US SEZs for The New Atomic Age:
Energy Innovation Zones
Energy is a fundamental instrument in nearly all things that humans find valuable. Over the past 200 years, there has been consistent growth in energy access per capita at an exponential rate of about 2% a year, mostly due to greater understanding and control over fossil fuels. However, since 1970, our growth in energy access has stagnated. This paper suggests a way to address this stagnation through a low-hanging fruit policy change: The “Energy Innovation Zone” (EIZ). This is a special jurisdiction that focuses on accelerating energy growth. This paper considers EIZs in the United States. We quantify the potential of advanced nuclear and geothermal power based on the extrapolation of historical data and the theoretical limits of each power source and then show that these sources are sufficient for accelerating energy growth.
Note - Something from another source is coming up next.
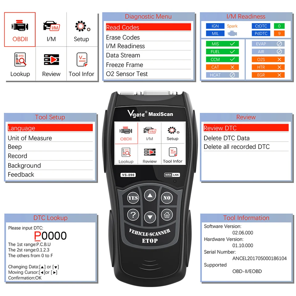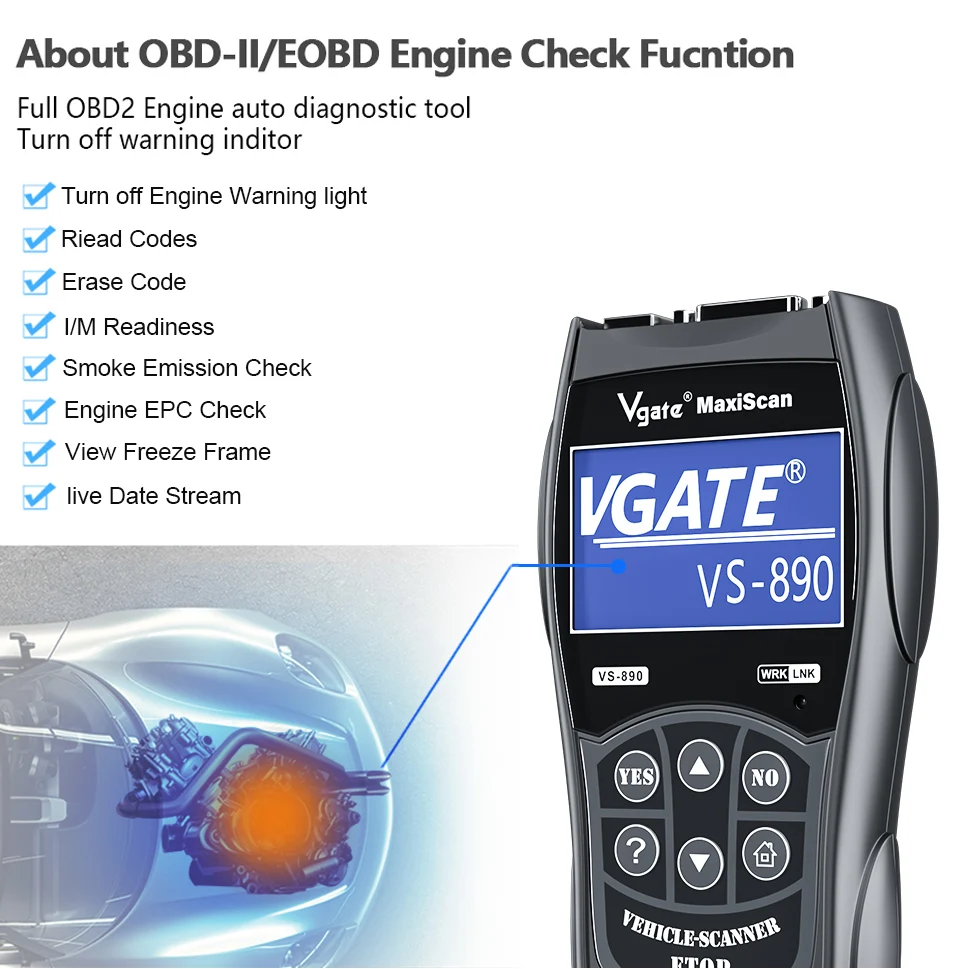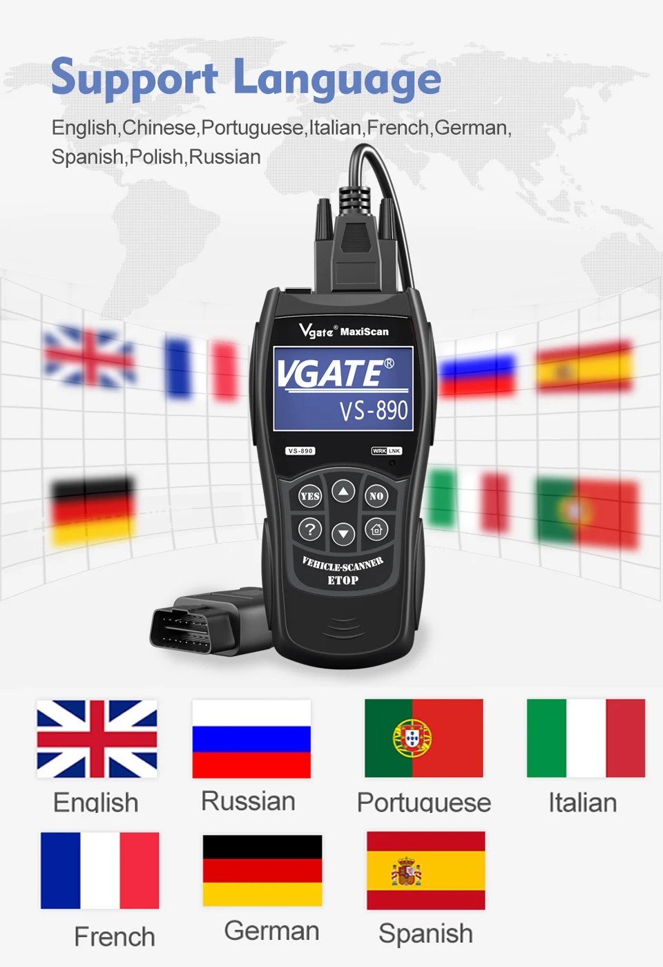 Vgate VS890 OBD2 автомобильный сканер анализатор двигателя автомобильные инструменты считыватель кодов автомобильный диагностический инструмент PK ELM327 1,5 v CR319 CR3001

Then we summarize the current state of regulation of underutilized forms of energy production and show that this regulation explains most of the observed stagnation in energy growth. Next, we propose the idea and structure for the Energy Innovation Zone and point out specific statutes that would have the largest impact when relaxed or repealed in the special jurisdiction. Finally, we will conclude with an analysis of the political feasibility of such a proposal. We find that EIZs have the potential for large and long-term impact and are more feasible than other energy policy reform strategies.